I am very pleased to welcome to the White House this morning 16 senior American business leaders to discuss how the American private sector can help to meet the most important foreign policy challenge that faces us, the transformation of the new States in the former U.S.S.R. from command to market economies and from authoritarian to democratic governments. We are determined to expand the volume of our trade and investment with them. And I would like to announce today a series of measures to meet these important objectives.

First, I have asked that current negotiations with all the new States on trade, bilateral investment, and tax treaties be expedited and completed as soon as possible. These agreements will provide greater access for our companies, and they will lay a new foundation for our future commercial relationships.

Second, I have also asked OPIC, the Overseas Private Investment Corporation, and the Ex-Im Bank, the Export-Import Bank, to negotiate new agreements and expand their operations in the former U.S.S.R., another critical step so that American firms can compete equally and fairly for a share of the new markets there.

And third, I would like to reiterate my call to the Congress in a spirit of bipartisanship to pass, in time for my summit meeting with President Yeltsin in June, the ``FREEDOM Support Act,'' the landmark legislation that I announced on April 1st. We hope the business leaders here today and the larger American business community will support this bill which will lift cold war restrictions on trade and investment.

And finally, I have requested that our Secretary of Commerce, Barbara Franklin, create new business development committees with Russia, Ukraine, and other countries to eliminate the barriers that currently discourage trade with them.

All these issues will be high on my agenda when I meet with Presidents Kravchuk and Yeltsin. And I'm absolutely committed to giving American companies every opportunity to compete in these markets. The American private sector should seize this opportunity to do business with these countries. It's a vast and rich market, and expanding our business ties will benefit the American people.

Increased trade means new markets for American goods, greater opportunities for American investors, and more jobs for American workers.

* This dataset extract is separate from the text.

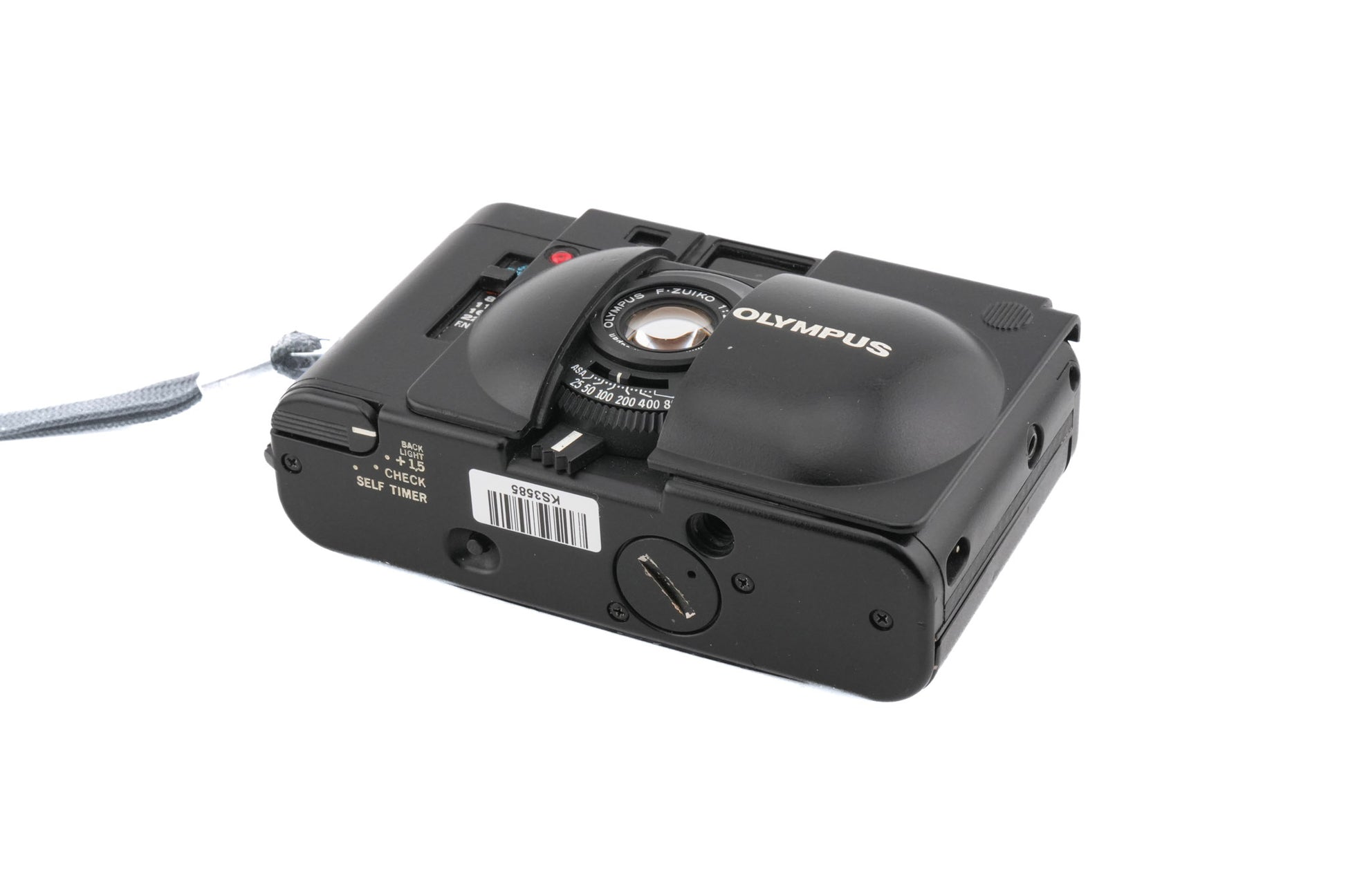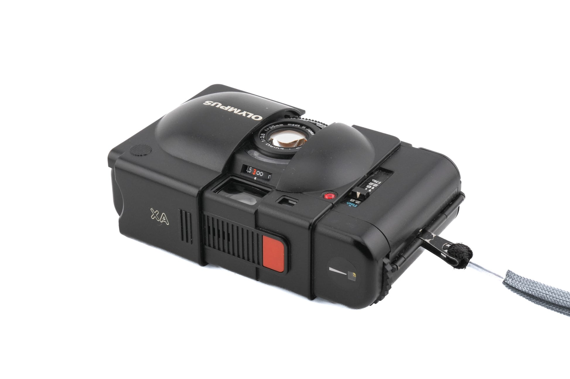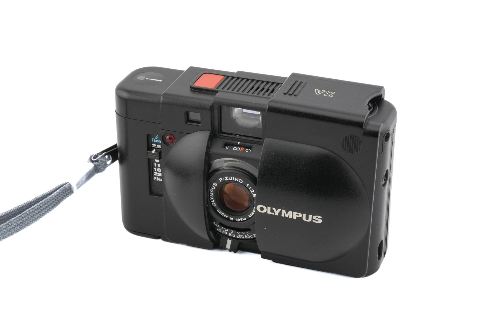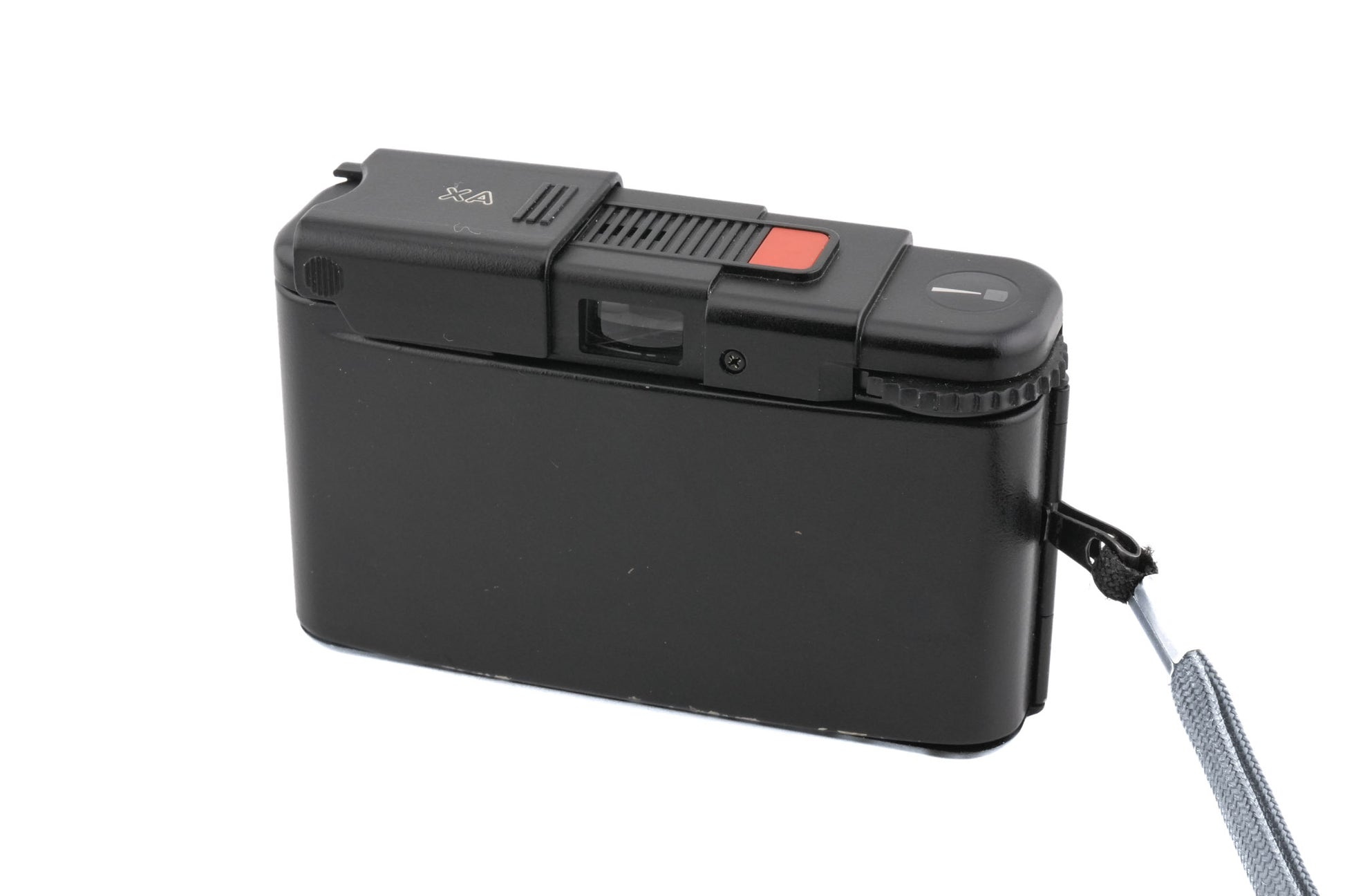 Manual focus 35mm rangefinder camera released by Olympus in 1979. The XA was designed by Yoshihisa Maitani, who also designed the OM-1 SLR. It is capable of aperture priority auto exposure using a built-in CdS light meter. The clamshell lens cover functions as the power switch. A switch on the bottom of the camera allows for backlight compensation (+1.5 stops), battery check, and self-timer. A detachable flash can be attached to the side of the body. Plastic body available in black.

The U.S. increased its exports of manufactured goods to the U.S.S.R. by nearly 40 percent in 1991. We should aim to do even better this year and the next.

This is a defining moment in this century. And indeed, the private sector's role is absolutely critical. The need for capital, advanced technology, and human expertise in these countries during this decade and into the next century will be far too great for governments alone to meet. A great economic transformation to liberate the peoples of the former Soviet Union and benefit our own people will only occur if our private firms invest and trade to show them the way.

I thank those business leaders that are with us here today, many of them already involved in trying to do business in the C.I.S. countries. And I pledge my commitment to this partnership with the American private sector. And now we will go inside and discuss in detail the agenda that I've just outlined. Thank you all very much for being here.

Note: The President spoke at 9:33 a.m. in the Rose Garden at the White House.